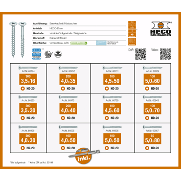 HECO-TOPIX-plus tête fraisée avec poches de fraisage, filetage complet, HD-20, zingué bleu, A3K : 300 pièces 3,5x16 mm, 200 pièces de chaque 3,5x30, 4,0x30, 4,0x35, 4,0x40 mm, 100 pièces de chaque 4,0x50 ainsi que HECO-TOPIX-plus tête fraisée avec poches de fraisage, filetage partiel, HD-20, zingué bleu, A3K : 100 pièces 4,5x50 mm, 50 pièces de chaque 4,5x50, 4,5x60, 5,0x50, 5,0x60, 5,0x70 mm,, 60 pièces 5,0x80 mm, avec 1 pièce embout HECO-Drive, 25mm, HD-20 et 1 pièce embout HECO-Drive, 70mm, HD-20
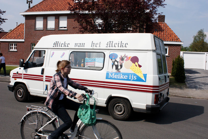 Om nog wat af te kicken van het verhaal ging ik afgelopen zaterdag in mijn thuisstad Tielt naar de ‘Grote Prijs Frans Desloover’, een wielerwedstrijd voor beloften. Het is tijdens zo’n kermiskoers dat een deel van De seingever zich afspeelt – met alle schoonheid die ik daarbij zie maar ook de lelijkheid en treurnis die mij daarbij kan overvallen. Men weze dus gewaarschuwd: De seingever is geen verhaaltje over de koekendozenromantiek waarin de koers vandaag al te vaak wordt gedrenkt, maar een boek dat ook de andere kant van de wielerennerij laat zien.
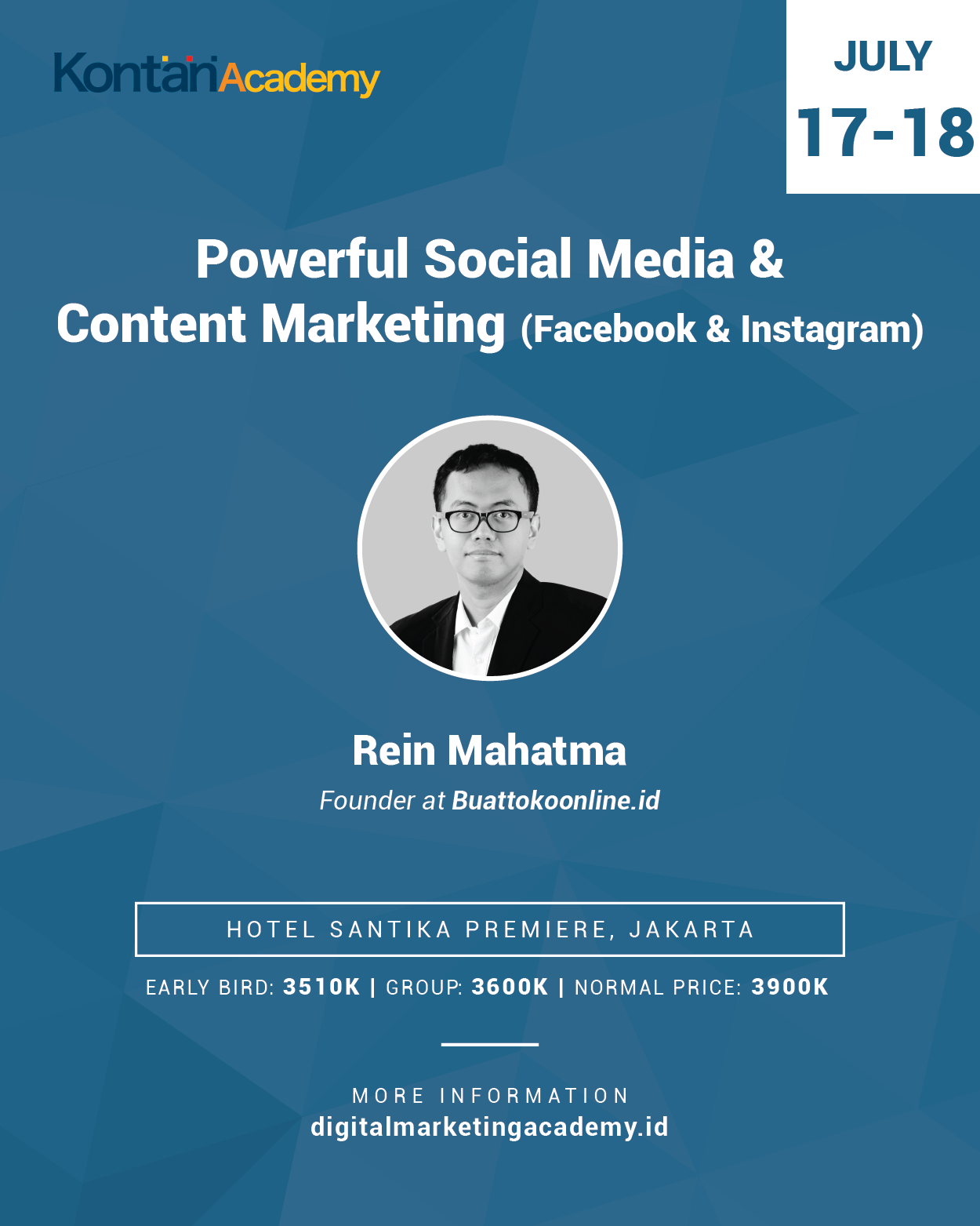 Pelajari mudahnya meningkatkan omzet penjualan melalui implementasi social media & content marketing workshop menggunakan pendekatan proaktif dan praktis!
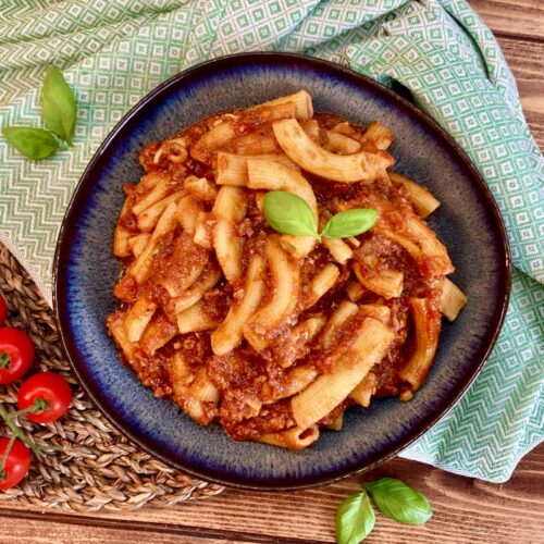 Nudeln in Champignon-Walnuss-Bolognese-Soße
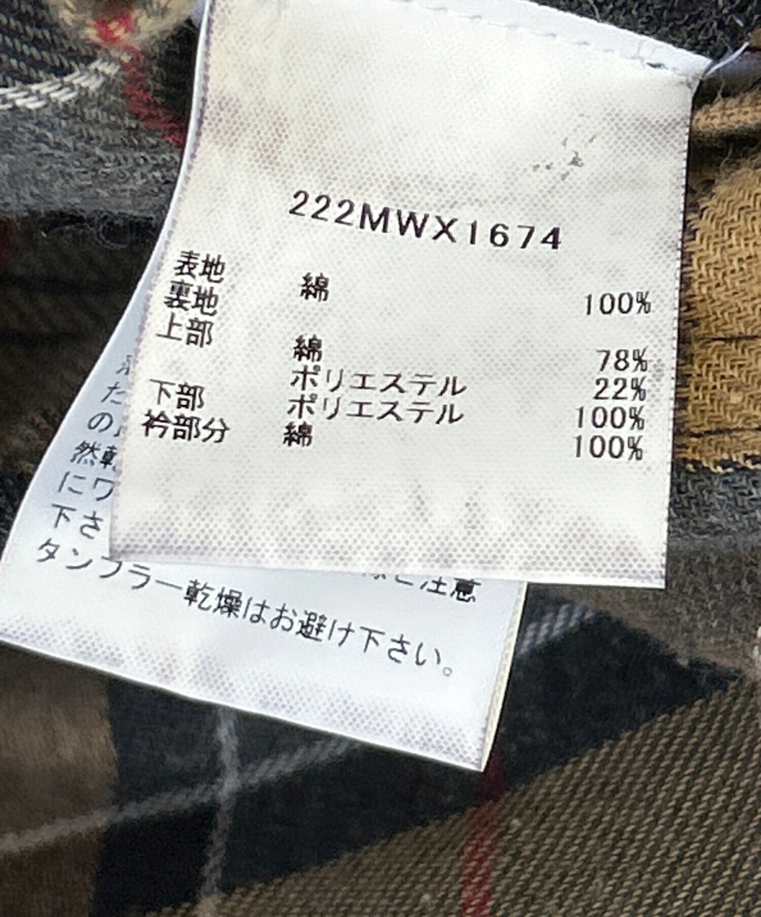 | 素材 | 表地 綿100% 裏地 上部 綿78% ポリエステル 22% 下部 ポリエステル100% 襟部分 綿100% |
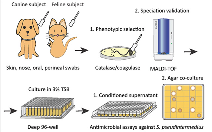 Peer-Reviewed PublicationIMAGE: TO IDENTIFY CANDIDATES FOR A NEW BACTERIOTHERAPY AGAINST SKIN INFECTION, RESEARCHERS FIRST SCREENED VARIOUS BACTERIA FROM DOGS AND CATS AND CO-CULTURED THEM WITH <EM>S. PSEUDINTERMEDIUS</EM> IN LIQUID AND AGAR ANTIMICROBIAL ASSAYS. view more

• _Work to be completed_
Except for the pictures, please retype the listing above exactly.

• _Reply_
 HECO-TOPIX-plus tête fraisée avec poches de fraisage, filetage complet, HD-20, zingué bleu, A3K : 300 pièces 3,5x16 mm, 200 pièces de chaque 3,5x30, 4,0x30, 4,0x35, 4,0x40 mm, 100 pièces de chaque 4,0x50 ainsi que HECO-TOPIX-plus tête fraisée avec poches de fraisage, filetage partiel, HD-20, zingué bleu, A3K : 100 pièces 4,5x50 mm, 50 pièces de chaque 4,5x50, 4,5x60, 5,0x50, 5,0x60, 5,0x70 mm,, 60 pièces 5,0x80 mm, avec 1 pièce embout HECO-Drive, 25mm, HD-20 et 1 pièce embout HECO-Drive, 70mm, HD-20
 Om nog wat af te kicken van het verhaal ging ik afgelopen zaterdag in mijn thuisstad Tielt naar de ‘Grote Prijs Frans Desloover’, een wielerwedstrijd voor beloften. Het is tijdens zo’n kermiskoers dat een deel van De seingever zich afspeelt – met alle schoonheid die ik daarbij zie maar ook de lelijkheid en treurnis die mij daarbij kan overvallen. Men weze dus gewaarschuwd: De seingever is geen verhaaltje over de koekendozenromantiek waarin de koers vandaag al te vaak wordt gedrenkt, maar een boek dat ook de andere kant van de wielerennerij laat zien.
 Pelajari mudahnya meningkatkan omzet penjualan melalui implementasi social media & content marketing workshop menggunakan pendekatan proaktif dan praktis!
 Nudeln in Champignon-Walnuss-Bolognese-Soße
 | 素材 | 表地 綿100% 裏地 上部 綿78% ポリエステル 22% 下部 ポリエステル100% 襟部分 綿100% |
 Peer-Reviewed PublicationIMAGE: TO IDENTIFY CANDIDATES FOR A NEW BACTERIOTHERAPY AGAINST SKIN INFECTION, RESEARCHERS FIRST SCREENED VARIOUS BACTERIA FROM DOGS AND CATS AND CO-CULTURED THEM WITH <EM>S. PSEUDINTERMEDIUS</EM> IN LIQUID AND AGAR ANTIMICROBIAL ASSAYS. view more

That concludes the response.